К лету от телесных и душевных болезней, пережитых мной зимою, как будто не осталось и следа. Я был спокоен, весел – вполне подстать веселой, сухой погоде, которая держалась в том году все лето, и тому легкому настроенью, которое царило во всем нашем доме. Надя уже превратилась – даже для матери и няньки – только в прекрасное воспоминанье, в представленье о младенчески-ангельском образе, который пребывает и радуется где-то там, в вечной небесной обители; мать и нянька еще тосковали, часто говорили о ней, но уже как-то по иному, чем прежде, – иногда даже с улыбками, – они, случалось, и плакали, но опять таки не прежними слезами.
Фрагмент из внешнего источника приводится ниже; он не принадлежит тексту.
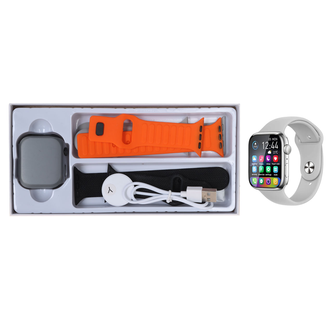 درون جعبه محصول یک دفترچه راهنما، سه عدد بند متنوع و کابل شارژ وایرلسی قرار دارد که امکان استفاده در هر سبک و شرایط را فراهم میکند. تنوع بندها باعث میشود بتوانید ظاهر ساعت را برای استایل رسمی، ورزشی یا روزمره تغییر دهید.

Что до бабушки, то она просто забылась; даже более: ее смерть была одной из причин легкого настроенья нашего дома: во-первых, Батурине принадлежало теперь нам, что очень поправляло наши дела, а, во-вторых, осенью предстояло наше переселенье туда, которое втайне тоже всех радовало, как всегда радует человека перемена обстановки, связанная с надеждой на что-то хорошее или, может быть, просто с бессознательными воспоминаньями давнего былого, кочевых времен.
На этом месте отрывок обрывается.